Bahçeli, 1 Ekim’de Öcalan’a çağrı yaparken Öcalan’ın bu çağrıya nasıl karşılık vereceğini biliyordu. Öcalan’la bir müzakere olmadan, O’nun cevabın bilmeden Bahçeli’nin Öcalan’a çağrı yapması düşünülemez bile. Bu durum, Öcalan’la gizli müzakereler yapıldığını, bir mutabakata varıldığını açık ve net olarak göstermektedir.
Tayyip Erdoğan, Bahçeli’nin Öcalan’a yaptığı çağrıyı desteklediğini, birden fazla defa açıkladı. Tüm devlet aygıtının Tayyip Erdoğan’a bağlı olduğu, O’ndan habersiz ve O’nun izni olmadan Öcalan’la görüşme ve müzakere yapılamayacağı kesindir. O halde, Tayyip Erdoğan’ın bilgisi dahilinde, O’nun verdiği izinle Öcalan’la görüşme ve müzakere yapıldığı da açık ve nettir.

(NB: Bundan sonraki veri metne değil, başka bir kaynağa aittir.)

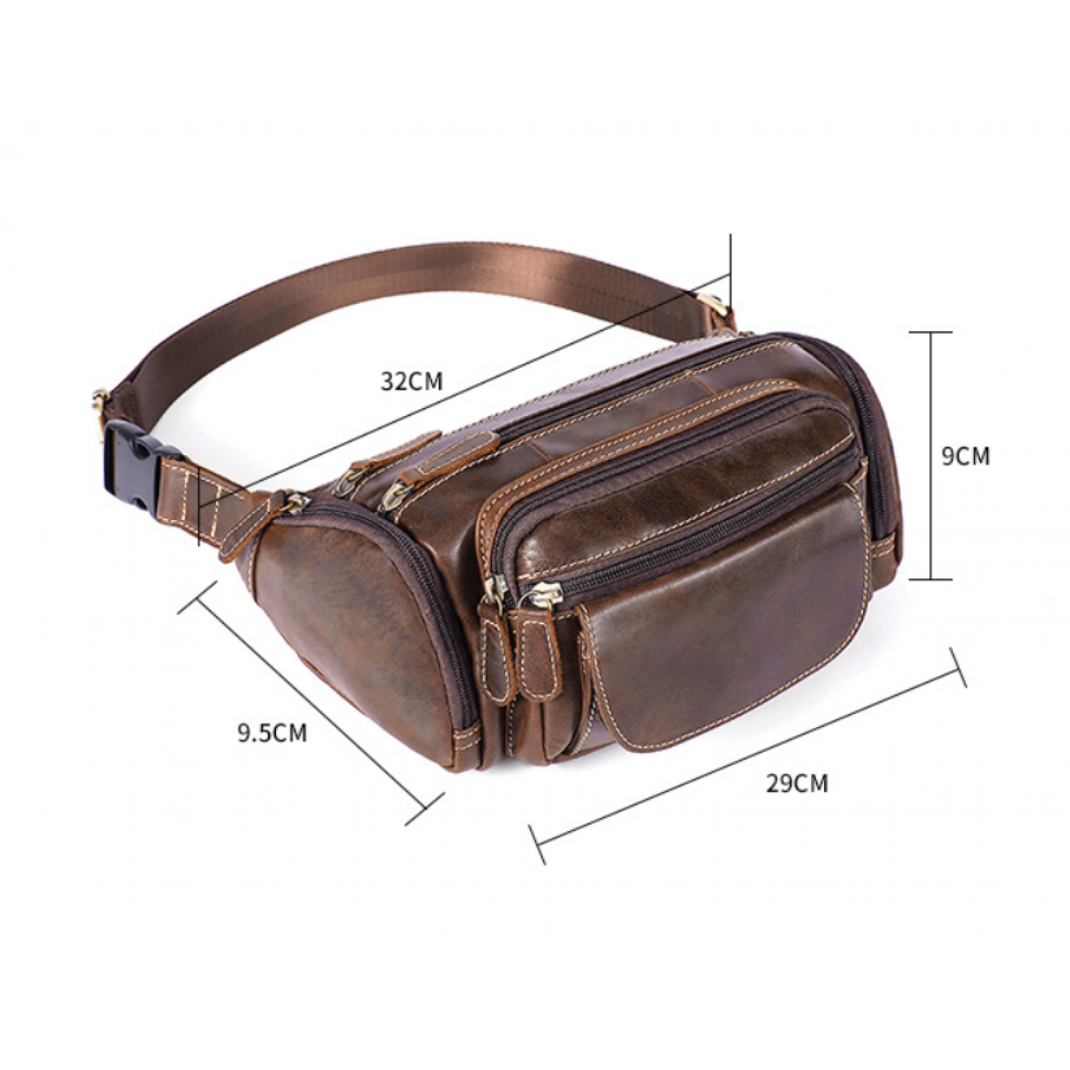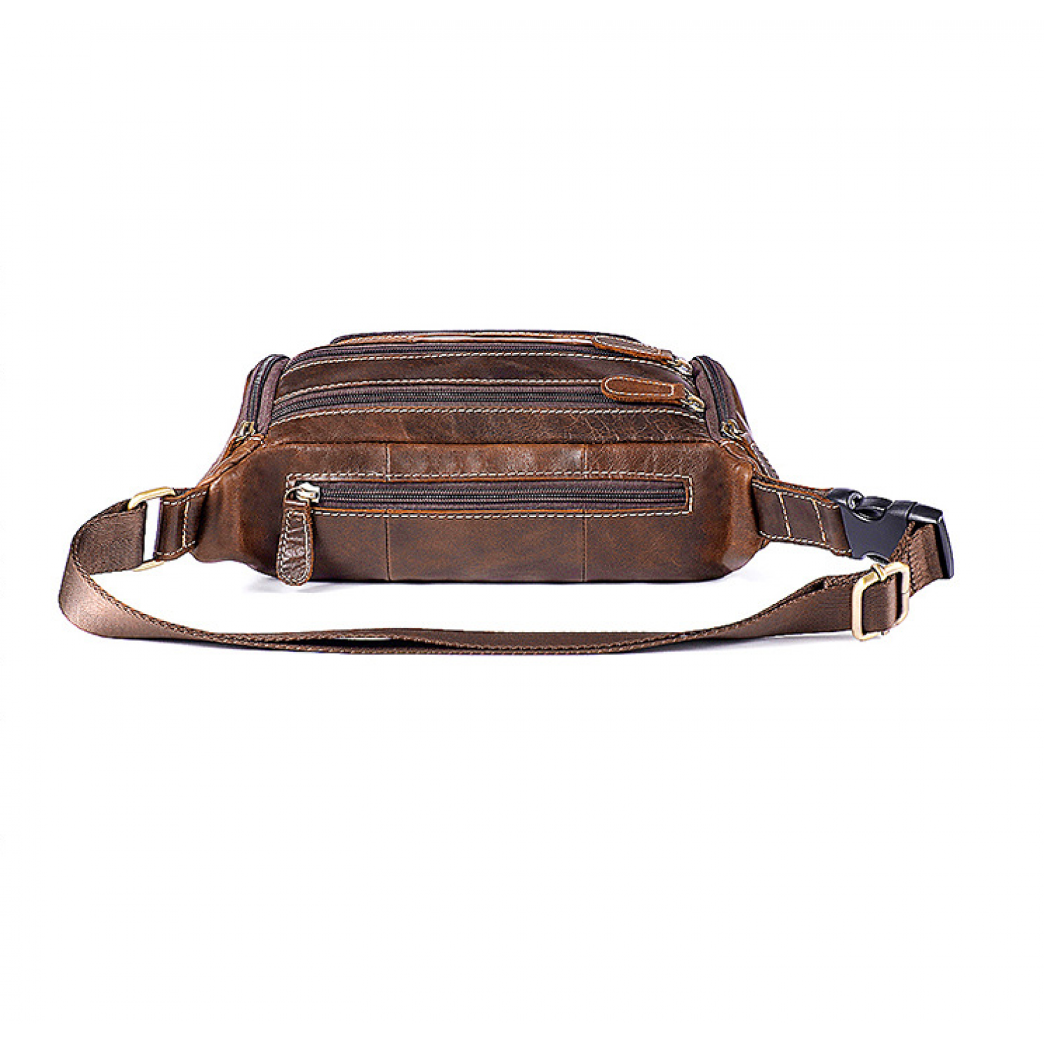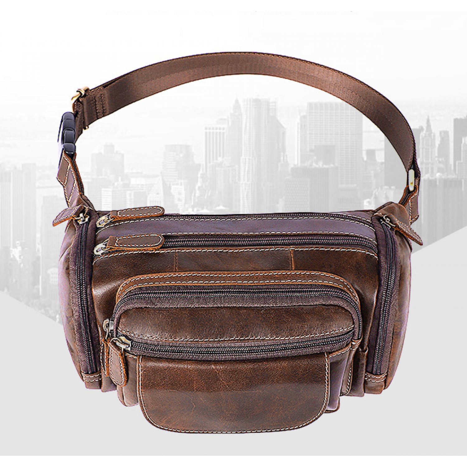 Men's waist bag with leather on the top Oil coffee
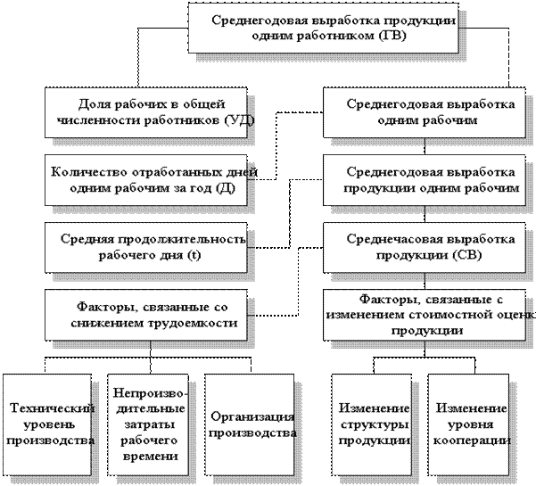 Обобщающий показатель производительности труда (выработка на одного работающего или одного рабочего) в значительной пени зависит от материалоемкости отдельных видов продукции, объема кооперированных поставок, структуры продукции. Более объективную оценку производительности труда дает показатель, исчисленный по чистой продукции, т.е. по объему продукции за вычетом материальных затрат и амортизации основных фондов.[4]

Teröristbaşının DEM Partisi heyeti tarafndan açıklanan duyurusundaki ifadeler de Öcalan ile Cumhur ittifakı arasında müzakere yapıldığını kanıtlamaktadır. Öcalan, Bahçeli’nin ve Erdoğan’ın güç verdiği yeni paradigmaya, kendisinin de pozitif anlamda gerekli katkıyı sunacak ehil ve kararlılığa sahip olduğunu söylemştir. Teröristbaşı açıklamasında “Bütün bu çabalarımız, ülkeyi hak ettiği düzeye taşıyacak ve aynı zamanda demokratik bir dönüşüm için de çok kıymetli bir kılavuz olacaktır.” cümlesini kullanmıştır. Öcalan, bu cümlede tekil değil, ”Biz” anlamında çoğul konuşmuştur. Öcalan’ın Biz’den kastı, kendisi, Bahçeli ve Erdoğan’dır. Bu da Öcalan’la müzakere yapıldığını açık ve net olarak kanıtlamaktadır. Öcalan, kendisiyle Cumhur İttifakı arasnda müzakereler yapılıp mutabakata varılmasa, herhalde böyle konuşamazdı. Söyledikleri jet hızıyla yalanlanırdı. Öcalan’la Dem Partisi arasında görüşme yapılmasına, Öcalan’ın fikirlerinin DEM Partisi aracılığıyla kamuoyuna açıklanmasına izin verilmesi de Öcalan ile Cumhur ittifakı arasında müzakere yapıldığını kesin olarak kanıtlamaktadır.
Cumhur İttifakı’nın tereöristbaşı ile müzakere masasına oturmasının bazı sonuçları olacaktır. Bunlar,
- PKK ve Meclis’teki siyasi uzantısı partinin özgüveni artmıştır. PKK ve Meclis’teki siyasi uzantısı parti iyice şımaracak ve küstahlaşacak, kabul edilmesi mümkün olmayan taleplerde bulunacaktır.
- Teröristbaşı ile müzakere masasına oturulmuş olması nedeniyle vatansever, devlete sadakatla bağlı vatandaşlarımızın devlete güveni zayıflayabilecektir.
- Teröristbaşı ile müzakere masasına oturulmuş olması, güvenlik güçlerimizin ve ordumuzun terörle mücadele azim ve kararlılığını olumsuz etkileyecektir.